4. Kwestie prawne i regulacyjne
Ekspertka podkreśla, że członkowie rządu nie tylko wygłaszają opinie na temat firm, lecz także tworzą prawa, które mają na nie wpływ. Podaje ona przykłady próby zakazania TikToka i w Stanach Zjednoczonych czy „nowych przepisów nakazujących ujawnienia wszystkich opłat”.
5. Wydajność i produkt
Ta kategoria dotyczy przypadków, w których dochodzi do problemów związanych np. ze znaczącym spadkiem cen akcji z powodu niskich zarobków firmy.
6. Przygotowanie odpowiedzi na pytania, które mogą się pojawić
Zdaniem McGee chodzi o odpowiednią organizację działań w obliczu kryzysu. Zgodnie z jej opinią, warto jest zebrać zasoby, które przydarzą się w kryzysowych okolicznościach. Mowa m.in. o kontaktach do rzeczników prasowych czy reporterów, z którymi regularnie współpracuje dana firma, oraz o tzw. „liście kontrolnej”, czyli zbiorze informacji, które będą potrzebne w obliczu trudności. Specjalistka zaleca również konsultacje z działami wewnątrz firmy. Radzi, by zapytać interesariuszy o ich obawy i wątpliwości w celu dostrzeżenia kwestii, które wymagają poprawy.
Pracownica Instytutu Finansów Międzynarodowych podkreśla, że „nie spotkała się jeszcze z kryzysem, który nie podlegałby pod co najmniej jedną z tych kategorii”. Jednocześnie zauważa ona, że problemy, a co za tym idzie – potrzeby firm, będą różnić się w zależności od branży.

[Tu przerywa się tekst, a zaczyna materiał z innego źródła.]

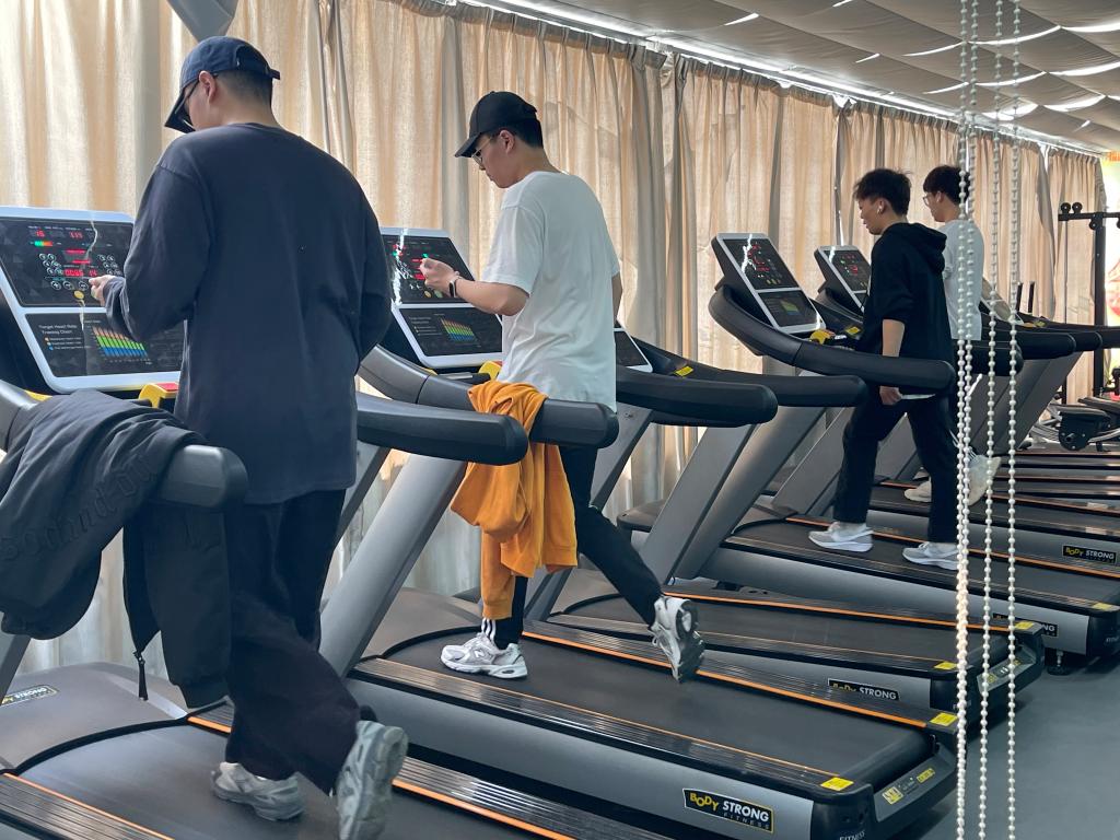 馆内设施也进行了更新看着在跑步机上热身的青春背影
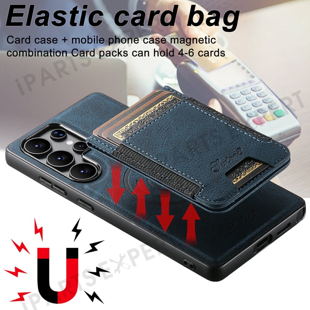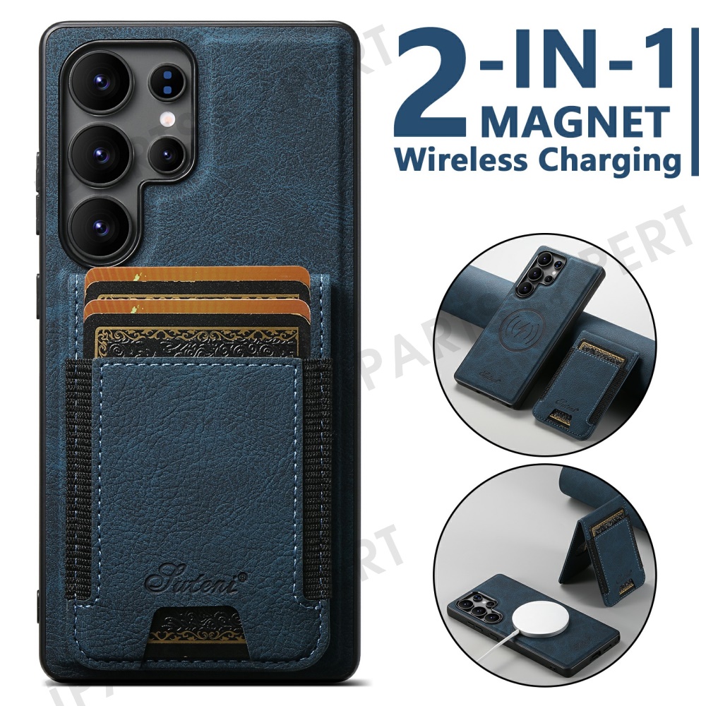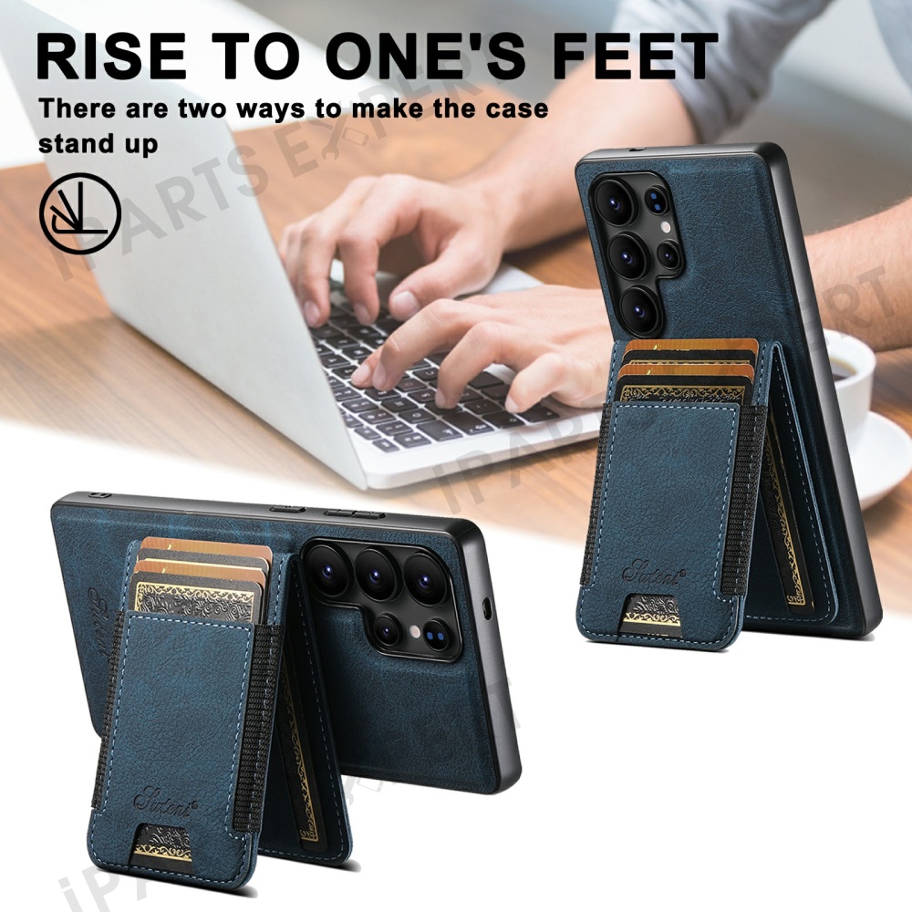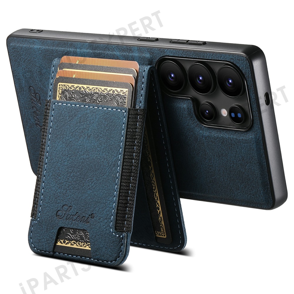 SUTENI H17 For Samsung Galaxy S25 Ultra Magnetic Case Card Slots Leather + TPU Kickstand Phone Cover - Blue

Czytaj więcej: Cyberbezpieczeństwo, polityka, ESG – tych obszarów mogą dotyczyć kryzysy w 2024 roku
McGee uważa, że warto „spojrzeć na przeszłość jak na prognozę przyszłości”, co pozwoli na zawężenie pola potencjalnych zagrożeń. Mowa m.in. o zweryfikowaniu, jakie były największe kryzysy komunikacyjne przedsiębiorstwa w ciągu ostatnich dziesięciu lat. Podkreśla ona, że wiele osób zapomina o wykonaniu tego rodzaju researchu.

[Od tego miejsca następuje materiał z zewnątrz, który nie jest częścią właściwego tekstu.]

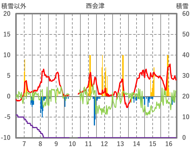 | 日 | 時 | 気温 | 降水 | 風向/風速 | 日照 | 積雪 | 降雪 |
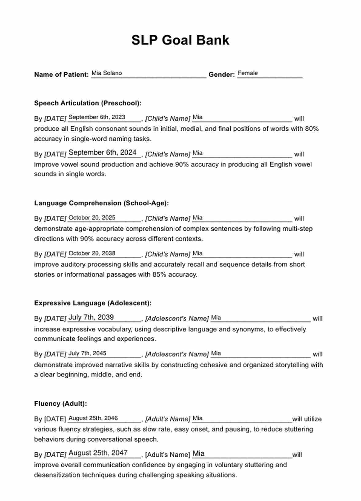 In speech therapy, SLP Goal Banks serve multiple purposes, including writing initial goals for children or adults when they first see an SLP and updating goals as therapy progresses. Furthermore, they prove useful in tracking the progress of both the clients and the SLP over time.
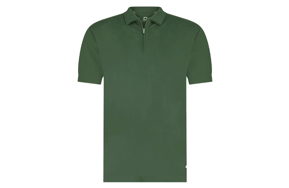 Born with Appetite polo BWA00006DA31 3007. Dit rechtvallende model heeft een kraag met ritssluting en korte mouwen. Deze donkergroene polo van Born with Appetite is uitgevoerd in een fijn gebreide kwaliteit, bevat stretch en is afgewerkt met geribde boorden.
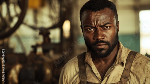 Serious worker in factory, machinery blurred background, industrial portrait, for news, articles
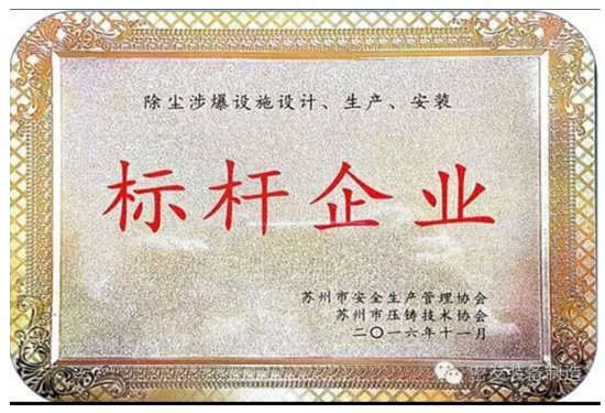 近日,江苏密友粉体新装备制造有限公司荣获了苏州市除尘涉爆设施设计、生产、安装标杆企业的荣誉称号并收到了苏州市安全生产管理协会颁发的荣誉证书及牌匾。
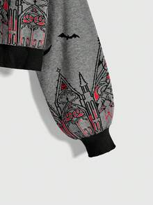 Gothic Halloween Castle & Cross Pattern Women's Turtleneck Contrast Color Pullover Sweater
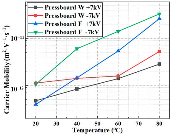 The measurement results of the carrier mobility for Pressboard W impregnated with N-Oil-A at different temperatures (20, 40, 60, and 80 °C) under electric field strengths of ±7 kV/mm are presented in Table 3 and Figure 4.
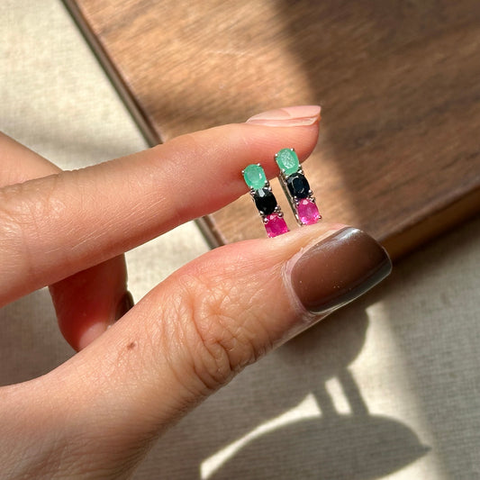 Sapphire Mixed Emerald And Ruby Sterling Silver Ear Hoop
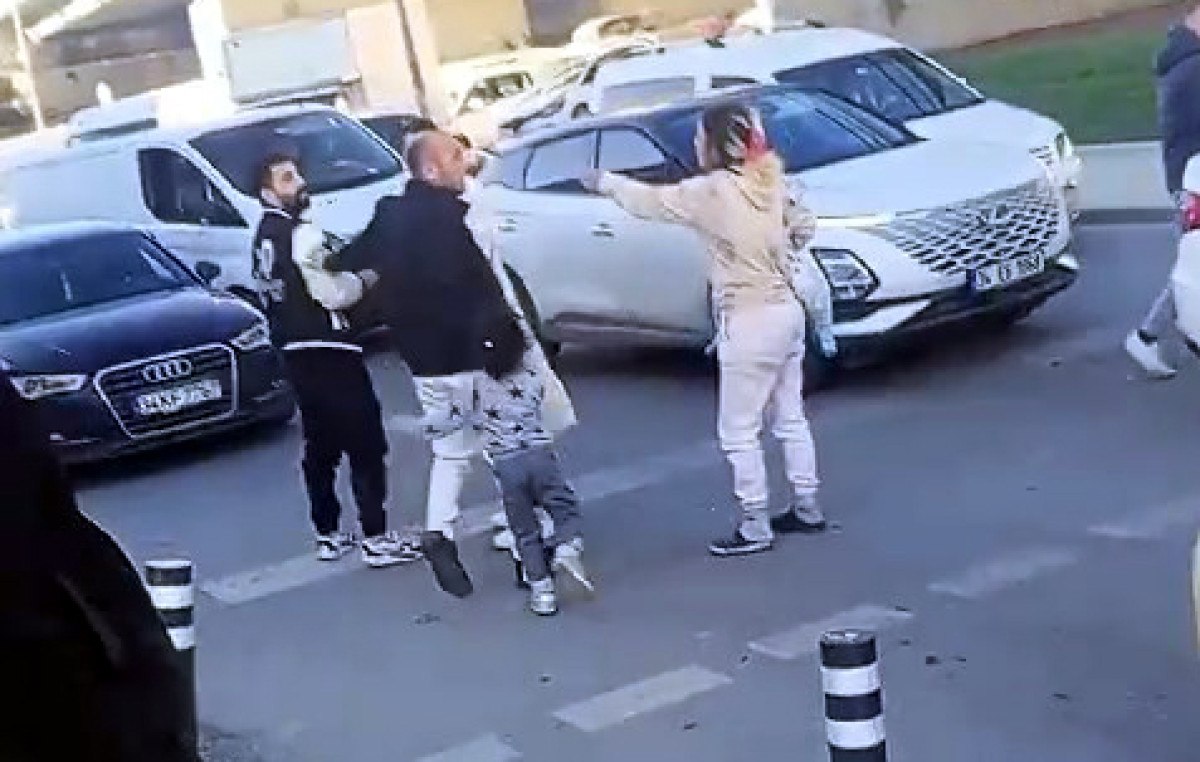 Görüntülerde, çocuklardan birisinin babasının bacağına sarılarak onu engellemeye çalışıp ağladığı anlar yer aldı. Kadın ve çocukların kavgayı ayırmaya çalıştığı görüldü.
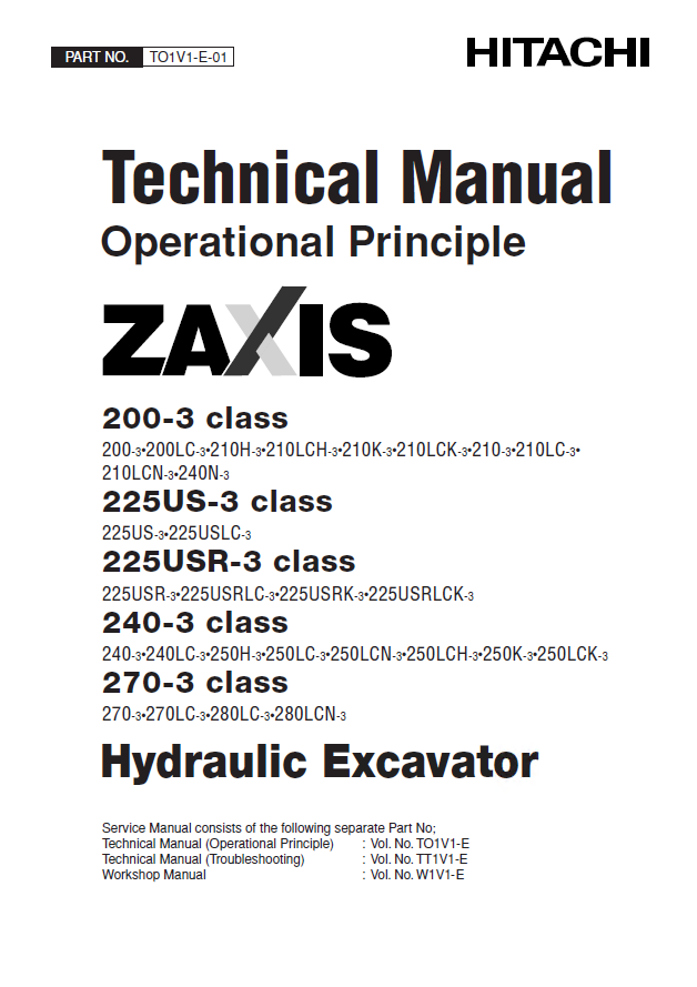 - Technical Manual (Operational Principle) Zaxis 200-3, 225US-3, 225USR-3, 240-3, 270-3 Class Hydraulic Excavator - 424 pages;
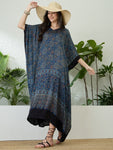 Our Anum Handblocked Ajrakh Indigo Blue Modal Silk Kaftan is a soulful tribute to the timeless art of Ajrakh, showcasing intricate hand-block printed motifs in a captivating palette of deep indigo, earthy madder, and ivory.
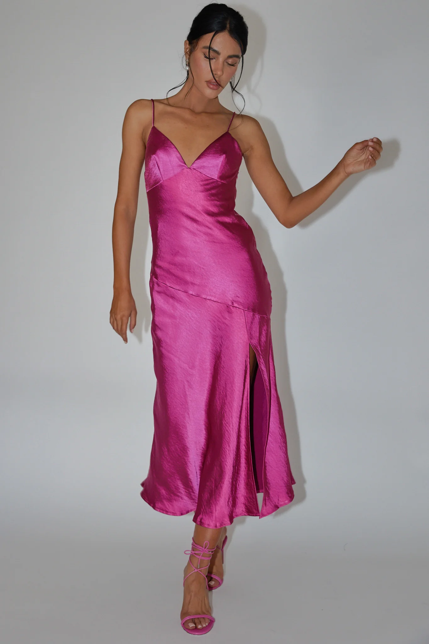 Downtown Cami Strap Front Split Midi Dress Fuchsia

Co więcej, ekspertka radzi, by osoby zarządzające kryzysami myślały o sobie jak o szefach kuchni przygotowujących się do pracy w godzinach szczytu restauracji. Twierdzi, że warto, aby ustaliły one swoje „mise en place” oraz upewniły się, że „wszystkie składniki są czyste, pokrojone i gotowe do włożenia do garnka”.
Jak czytamy, kolejnymi elementami istotnymi w przypadku zarządzania kryzysem są elastyczność oraz świadomość tego, że „w tej chwili skupiasz się na przygotowaniu składników, a nie na produkcie końcowym”. Istotnymi elementami funkcjonowania w obliczu trudności są również „nakładanie kluczowych wskaźników efektywności na pomiary komunikacji” oraz branie pod uwagę „szerszych implikacji biznesowych kryzysu”. (an)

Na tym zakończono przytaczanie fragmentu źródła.